20 February 2008

Matters of the heart

One of our churches downtown has a free medical clinic on Tuesday mornings, and I have been blessed to be able to go and help out. I don't always feel like I'm of much help, but it's fun to be there. Most of the people we treat are homeless, though some of them are better-kept than others. Some are alcoholics and still haven't hit bottom; others are truly trying to establish themselves but can't find steady work; others are lazy and want to live off the work of others.

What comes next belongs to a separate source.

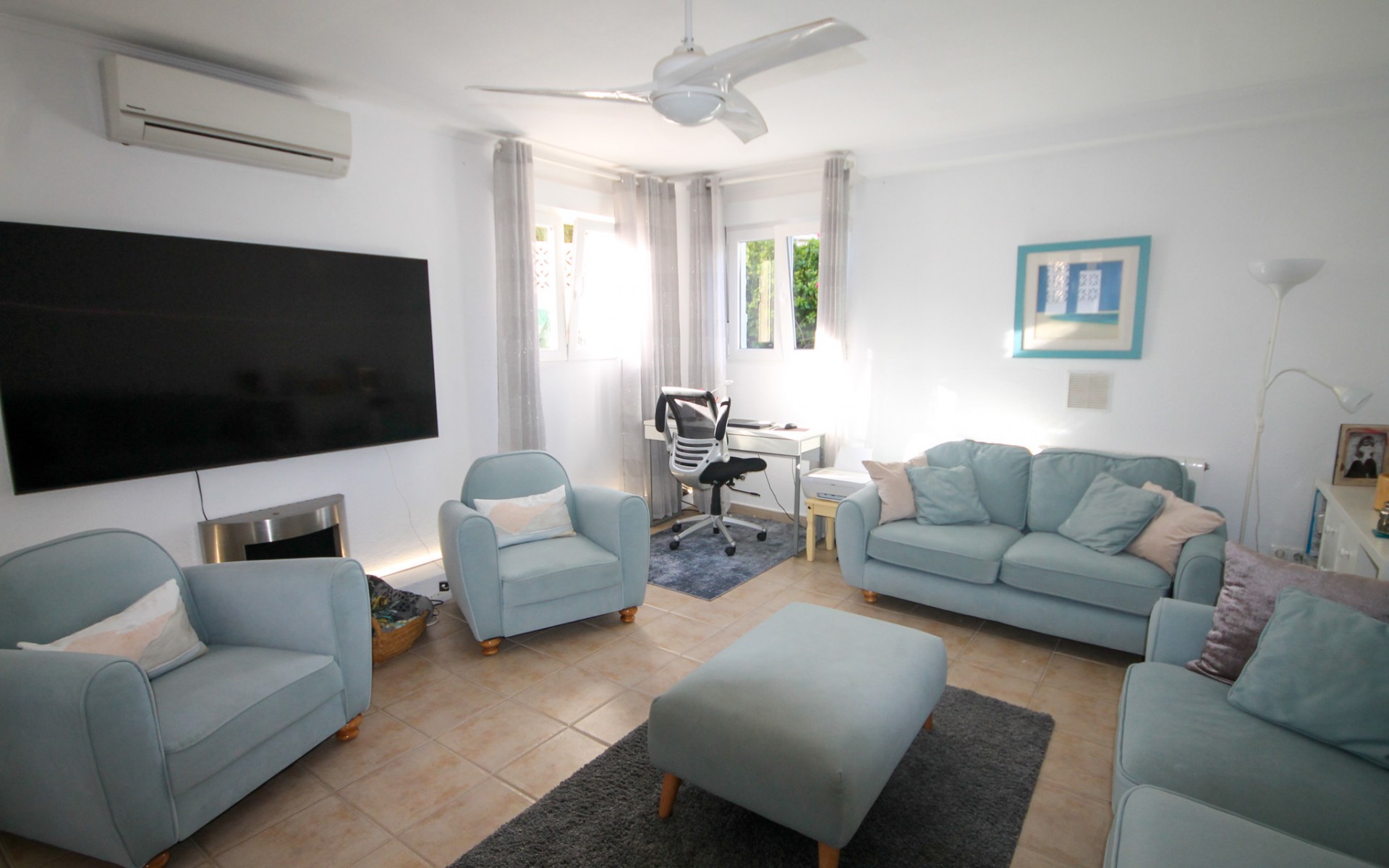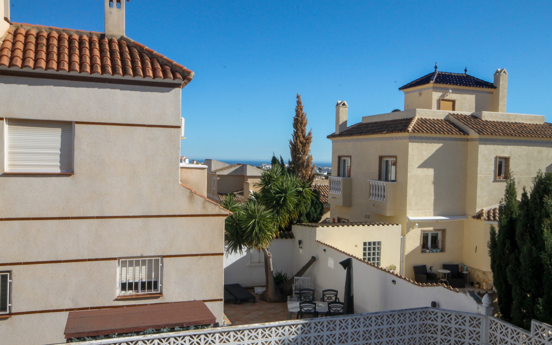 Steps from the garden lead up to the main living area with a lounge diner and modern kitchen adjacent. There is a shower room and two double bedrooms with fitted wardrobes, the master having an en-suite bathroom and patio doors onto the balcony. From the lounge there are also patio doors which open out onto a large, south facing balcony with lovely sea views and overlooking the pool area. Stairs from the balcony lead down to the pool and the entrance into the ground floor apartment. Here there is a fabulous modern kitchen, a shower room, a spacious lounge, a double bedroom and a room also being used as the fourth bedroom. Outside, and to the front, the generous plot has off road parking and a lovely established garden with a sunken area for a fire pit. To the side, there is a utility room and patio area with a large outside kitchen and bar, ideal for summer evening barbeques. To the rear, there is the large swimming pool with plenty of space for the patio furniture in this lovely sunny spot. The villa also benefits from air conditioning, internet, mains gas central heating, an alarm and is to be sold part furnished. Only 10 minutes drive to the local beaches on the Orihuela Costa, and walking distance to amenities. Viewing recommended! No Community fees. Suma: 379€ pa

I usually don't leave the clnic broken hearted; my ministry here in Rio was solidified inside that church, ministering to "favelados" and homeless people. To be able to do what I do, whether it be in the favelas or downtown, I have to step back from the situation and look at it objectively. My emotions rarely get involved, because I would be a wreck if I allowed them to control every response I had to these people. Yesterday was a little different. God has been opening up my emotions lately to hurt for others. In saying that, I don't mean having pity on people or feeling sorry for them. I mean hurting in the depths of my heart. We saw a patient yesterday who has been in several rehab centers (including the one that the church has). He arrived at the church drunk. Again. He went to one treatment center where the patients couldn't even leave the facility to buy bread (though it was provided), simply to avoid putting the temptation of drink in front of them. He is addicted to cachaça (a Brazilian liquor made from sugarcane -- it's very available and very cheap) and doesn't eat much. He is the son of a pastor, yet his father's relationship with Jesus can do nothing to change this man's life. His family (12 of them, immediate and extended, as far as I could tell) has been praying for him for years. He is still alive. Still drinking, but alive. I can't help but wonder what God intends to do with him.
Another man came to us needing a bandage done. He was quite pleasant to talk to, but was in severe pain. He was wearing one shoe and one flip-flop. He had a wound on his leg that was severely infected. At some point in the past (Brazilians, and more specifically homeless people, have a sense of time and the passage of events that is hard for my North American mind to grasp), he was wounded with metal on his shin. I don't know if it was a factory accident, or shrapnel, or just a crazy one in a million thing. He was trying as hard as he could to take decent care of the wound, wrapping it with clean (?) bandages when he had them, leaves when he didn't. As the doctor and nurse opened the bandages, I had to leave the room. The infection was severe, his leg was swollen, and the open wound was putrid. As the doctor and nurse cleaned his wound, the smell dissipated. As hard as this man was trying to take good care of his leg, he didn't have the capacity or the resources to do so, and my heart went out to him. I wonder how many hospitals he had been turned away from before he saw us yesterday.
Something that Pastor Mark Driscoll (Mars Hill Church in Seattle -- check out the podcasts) said in one of his recent sermons was that God doesn't go to the nice houses and find the good kids to adopt them. He goes to the orphanages and picks out the worst ones. In other words, He doesn't pick us because we have been good, or because we will be an easy child to raise. In fact, we all at some point in time are the horrible kid in the orphanage who has no hope for becoming a contributing member of God's Kingdom. But God picks the hopeless cases. We try so hard to take care of ourselves, to fix our problems, to heal our diseases, but we can't. Sin is a disease that we have no remedy for but perfection. For us, that is impossible, but through Jesus, it is already done. God has given us the remedy for all our evils and ills. Why? First, because He loves us. Second, because we are cases that no one but God can do anything with. Sin's only remedy is Jesus. He alone can change us. He alone can turn us into a contributing member of His Kingdom. God is good, and He is powerful.